April 14, 2017This article was written by Tori Johnson
A Resolution that Challenges the Donald
California State University, Monterey Bay (CSUMB) faculty association made a unanimous decision, Monday April 10, affirming CSUMB’s resolution to invest in a support strategy for undocumented, immigrant, foreign, and minority CSU students and campus community members.
The resolution sets forth to challenge the Presidential Executive order, with an extensive and detailed plan to support the following provisions for undocumented students and at-risk campus community members.
“There will be no campus resources supporting any immigration action on campus,” says, Megan O’Donnell, HCOM and Global studies professor, “we wanted to make sure the University Police Department (UPD) wouldn’t allow ICE (U.S. Immigration Customs Enforcement) officials physical access to land owned by CSU for raids and round up nor any resource on campus to support any immigration action on campus.”
President Trump of the United States has made it a goal to deport at least three million current U.S residents (Presidential Executive Order). This order would greatly affect the lives of students, families, and the communities within the CSU system.

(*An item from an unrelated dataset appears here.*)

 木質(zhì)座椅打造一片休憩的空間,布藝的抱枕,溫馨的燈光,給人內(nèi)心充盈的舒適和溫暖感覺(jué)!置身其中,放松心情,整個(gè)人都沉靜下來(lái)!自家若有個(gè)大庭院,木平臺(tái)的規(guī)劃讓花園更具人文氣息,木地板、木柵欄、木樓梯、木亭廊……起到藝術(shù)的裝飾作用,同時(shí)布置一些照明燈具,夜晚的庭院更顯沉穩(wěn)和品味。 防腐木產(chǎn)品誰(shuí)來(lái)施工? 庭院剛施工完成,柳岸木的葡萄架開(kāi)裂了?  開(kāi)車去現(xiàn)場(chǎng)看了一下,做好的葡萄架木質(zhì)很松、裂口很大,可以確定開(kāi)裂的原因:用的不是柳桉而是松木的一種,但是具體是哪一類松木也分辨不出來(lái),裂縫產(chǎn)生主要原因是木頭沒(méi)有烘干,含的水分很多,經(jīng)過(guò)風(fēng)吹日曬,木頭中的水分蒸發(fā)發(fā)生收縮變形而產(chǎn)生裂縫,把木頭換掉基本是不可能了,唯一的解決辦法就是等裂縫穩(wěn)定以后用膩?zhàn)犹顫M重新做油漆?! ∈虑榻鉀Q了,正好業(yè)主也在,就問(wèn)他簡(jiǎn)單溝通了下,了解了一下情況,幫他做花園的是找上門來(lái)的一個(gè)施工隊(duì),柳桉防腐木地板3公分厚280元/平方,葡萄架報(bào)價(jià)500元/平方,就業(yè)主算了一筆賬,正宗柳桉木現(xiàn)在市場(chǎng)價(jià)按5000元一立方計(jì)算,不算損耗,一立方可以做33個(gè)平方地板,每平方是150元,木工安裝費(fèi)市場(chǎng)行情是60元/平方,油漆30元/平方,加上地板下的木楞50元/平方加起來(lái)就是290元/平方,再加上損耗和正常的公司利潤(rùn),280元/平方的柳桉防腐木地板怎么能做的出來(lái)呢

“The content of this document is something that all students regardless of status should be able to have,” says Victoria Ordaz, 2nd year, molecular biology major, “This resolution not only relieves some of the anxiety that is going on in regards to the political climate, but assures and protects my rights to public education as an undocumented student.”
“There will be no campus resources supporting any immigration action on campus,”

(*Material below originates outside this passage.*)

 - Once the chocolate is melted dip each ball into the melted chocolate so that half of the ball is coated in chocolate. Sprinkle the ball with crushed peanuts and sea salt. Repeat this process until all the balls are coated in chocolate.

President Ochoa of CSUMB along with 600 other campus Chancellors and Presidents have signed in agreement for Deferred Action for Childhood Arrivals (DACA) program and undocumented immigrant students.

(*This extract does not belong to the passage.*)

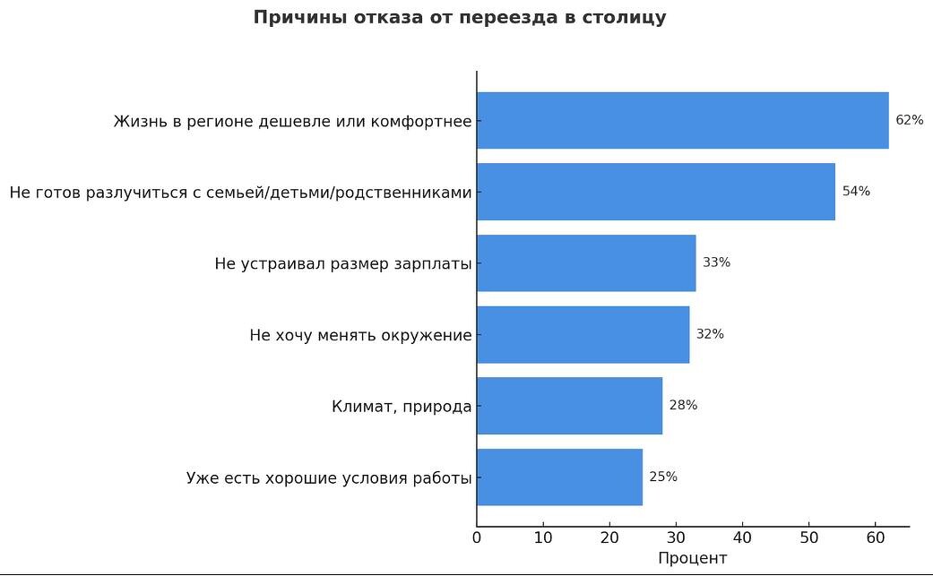 Формат удаленной работы в компаниях из мегаполисов выбирают 38% региональных ИТ-специалистов, причем чаще всего такой вариант предпочитают в Татарстане (48%), Самарской области (48%) и Краснодарском крае (46%). При этом сотрудники из регионов не спешат менять место жительства ради карьеры: каждый четвертый опрошенный (26%) получал предложение о переезде в Москву или Санкт-Петербург, однако согласились лишь 7%. Основные причины отказа — более низкая стоимость жизни в регионах (62%) и нежелание разлучаться с семьей (54%). В то же время развитие филиалов крупных ИТ-компаний в регионах может стать драйвером роста: 37% специалистов рассмотрели бы переход в такой филиал, если бы он открылся в их городе. Наибольший интерес к этому проявляют в Татарстане (52%) и Самарской области (48%).

This document protects the privacy of students under The Family Educational Rights and Privacy Act (FERPA). This administration protects childhood arrivals to the United States from the deportation under DACA, and California law provides educational financial assistance to qualified undocumented California residents under AB 540 and the California “Dream” Act.
“We want to make sure our students are cared for, even over summer and winter intersessions,” says O’Donnell, “if a student’s close relative is deported and they have nowhere else to live, the school wants to make sure that student still has access to healthcare, financial aid, and housing at CSUMB.”
During the faculty association meeting, President Ochoa expressed, along with other staff members, their concern regarding stable finances that the school will be asked to provide with an already slim budget.
“The school is working hard with state officials and faculty members to develop a rapid response community network system,” says O’Donnell, “In doing this we hope to create a linkage where undocumented students can go and feel safe under the care of faculty and community members if them or their family has been affected by new immigration regulations.”
This resolution is the start to the acknowledgement of undocumented/minority students on CSUMB campus, containing plans for growth and community expansion throughout future semesters to come.